Uiteraard haalt dit nieuws de NRC niet en evenmin het NOS journaal. Jammer, want zo onthouden zij hun lezers en kijkers van een ontroerend verhaal waaruit blijkt dat mensen aan beide kanten als mensen naar elkaar kijken en elkaar helpen. Een paar citaten:
In the past, Shafii saw the Israelis exclusively as perpetrators, but in Ashkelon she is encountering, for the first time, victims of the acts of terror committed by her own people. One of them is nine-year-old Yossi, who is sitting in a wheelchair. A steel frame holds his left shoulder together. It was fractured by shrapnel from a rocket that landed in the city of Sderot. "The people in Sderot are suffering just as we are in Gaza," she says.

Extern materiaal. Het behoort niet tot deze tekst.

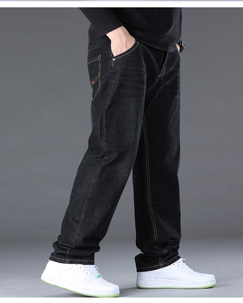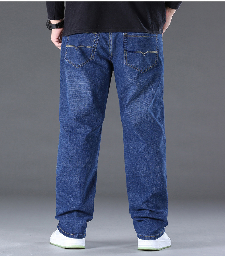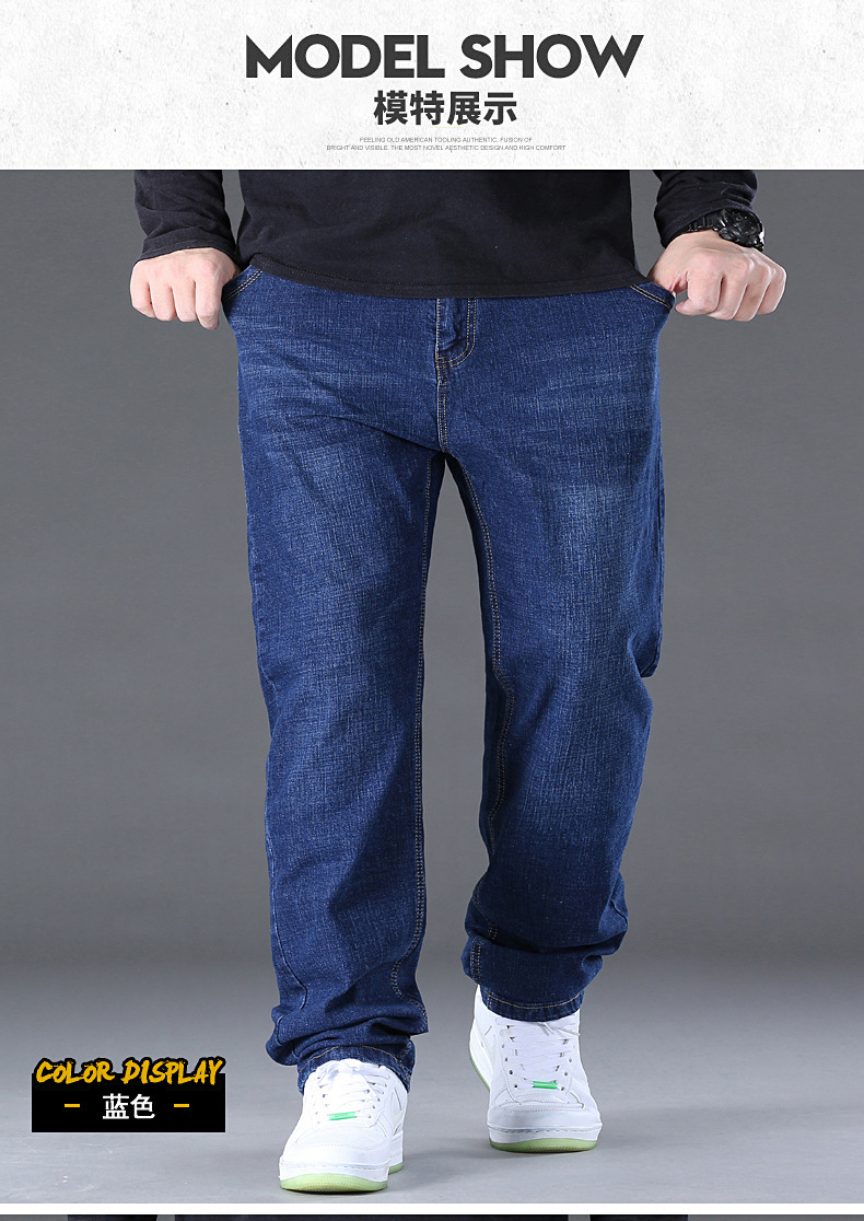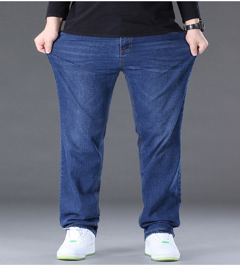 AliExpress 대외 무역 폭발 뚱뚱한 남자 플러스 사이즈 겨울 기모 두꺼운 스트레이트 남성 탄성 캐주얼 따뜻한 청바지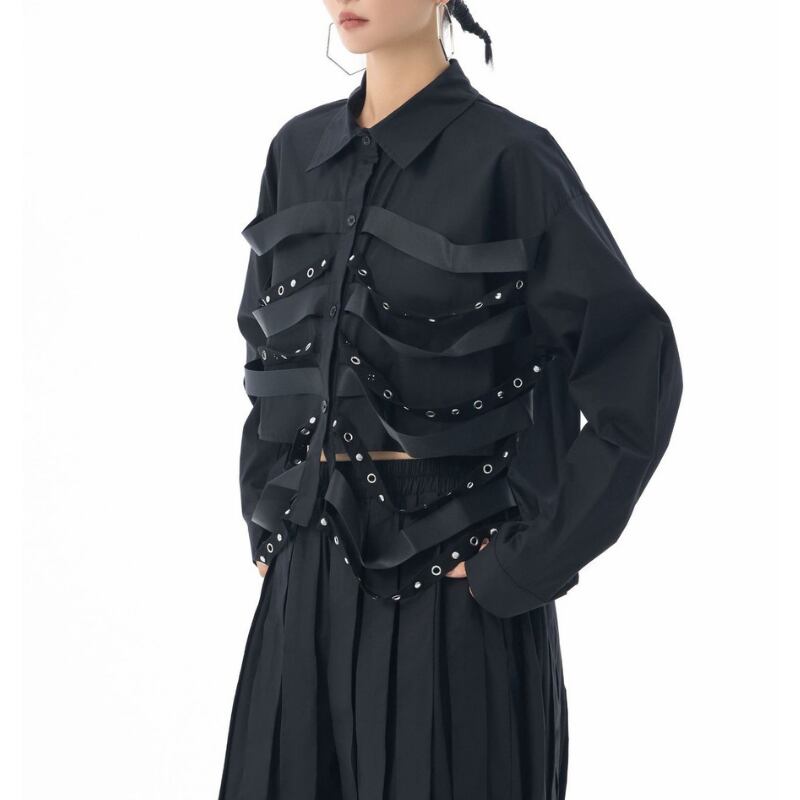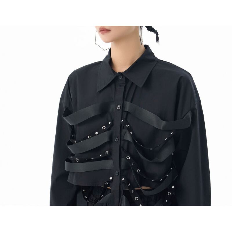 レースアップ 長袖 クロップド シャツ 1color BL0557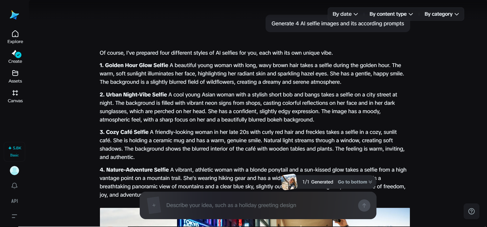 - AI Agent: With Dreamina's AI Agent, creating the perfect selfie feels effortless and natural. You describe what you want in everyday language, like brighter lighting, smoother skin, or a more confident expression, and it instantly works on your photo. It can generate multiple selfie variations at once, letting you tweak poses, try different styles, or make subtle changes without having to start over. You can create up to 40 versions in one go, making it perfect for viral TikTok clips, Instagram posts, profile picture upgrades, or any time you want several options to pick the most scroll-stopping shot.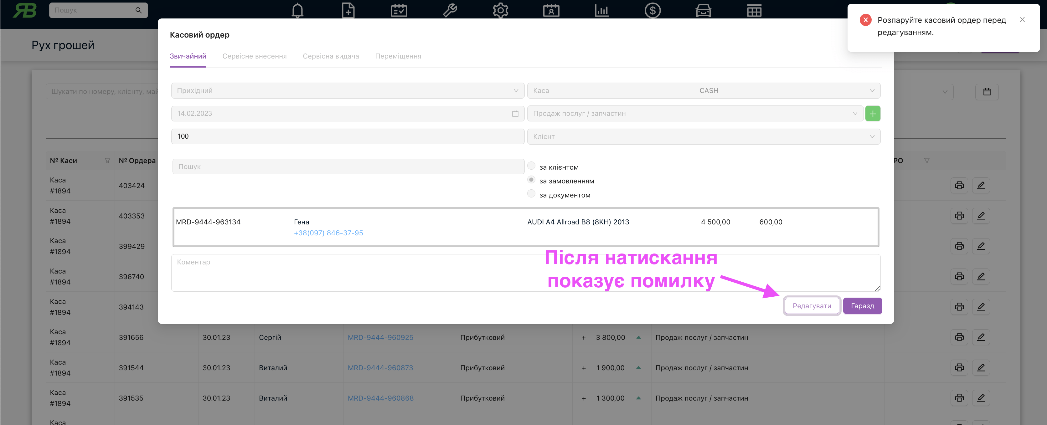 Після натискання відкривається вікно для редагування касового ордера. Для редагування треба натиснути кнопку “Редагувати“. Якщо показує таку помилку як на малюнку, то треба знайти касовий ордер та розпарувати його, для внесення змін.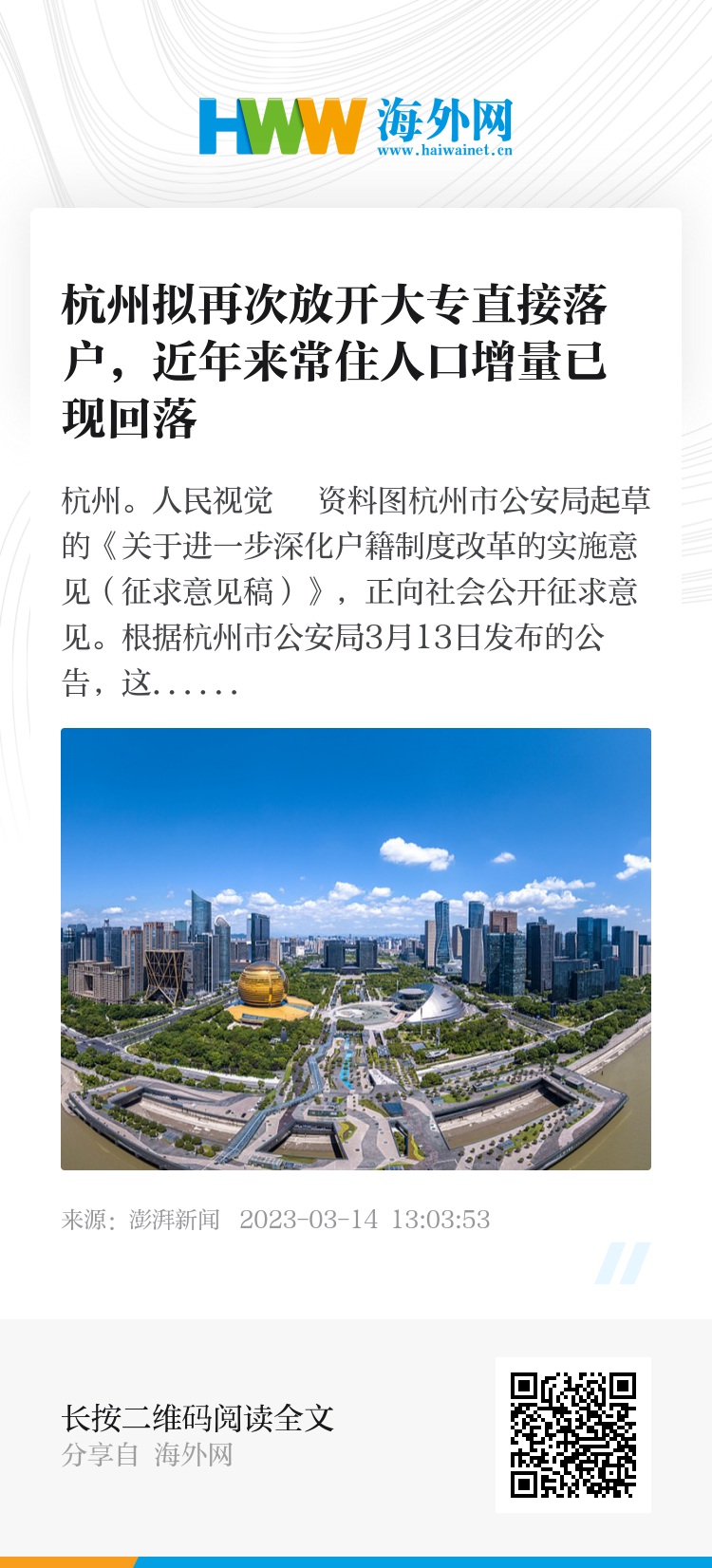 根据杭州市公安局3月13日发布的公告,这是为深入贯彻党的二十大精神,推动劳动力要素合理畅通有序流动,加快农业转移人口市民化,高质量发展建设共同富裕示范区,进一步放宽落户政策,统筹推进户籍制度改革。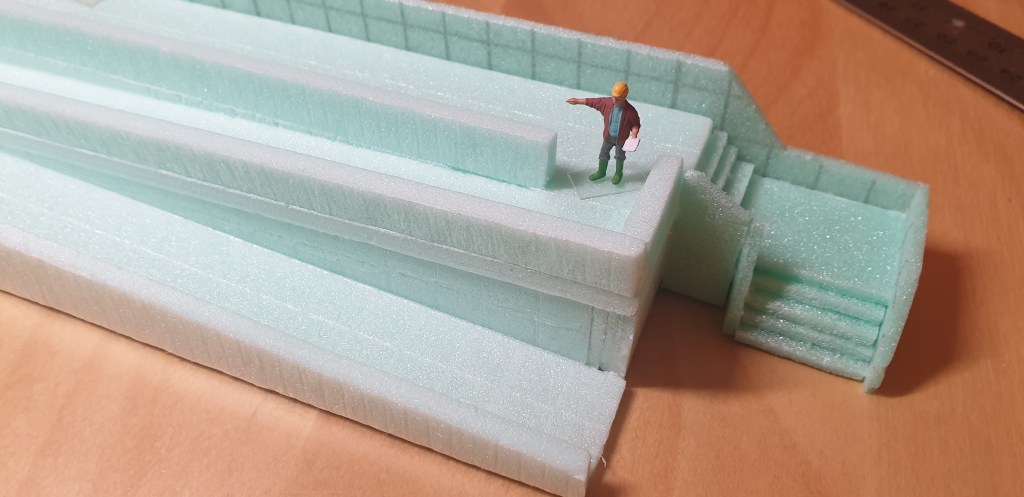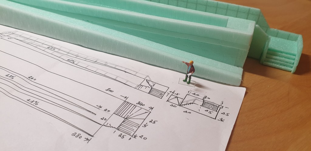 Technical drawing of the visitor vierwing platform and a prototype made from 2.2 and 5mm XPS foam

Ashraf Shafii describes how young, masked men repeatedly set up their rocket launchers under the cover of houses in Beit Lahia. "They shoot at Israeli civilians, which is completely unacceptable," says Shafii. "And they put us Palestinian civilians in grave danger, because the Israelis shoot back."
Why doesn't he object? "They are armed," says Shafii, "and they shoot at anyone who gets in their way."
Why doesn't he object? "They are armed," says Shafii, "and they shoot at anyone who gets in their way."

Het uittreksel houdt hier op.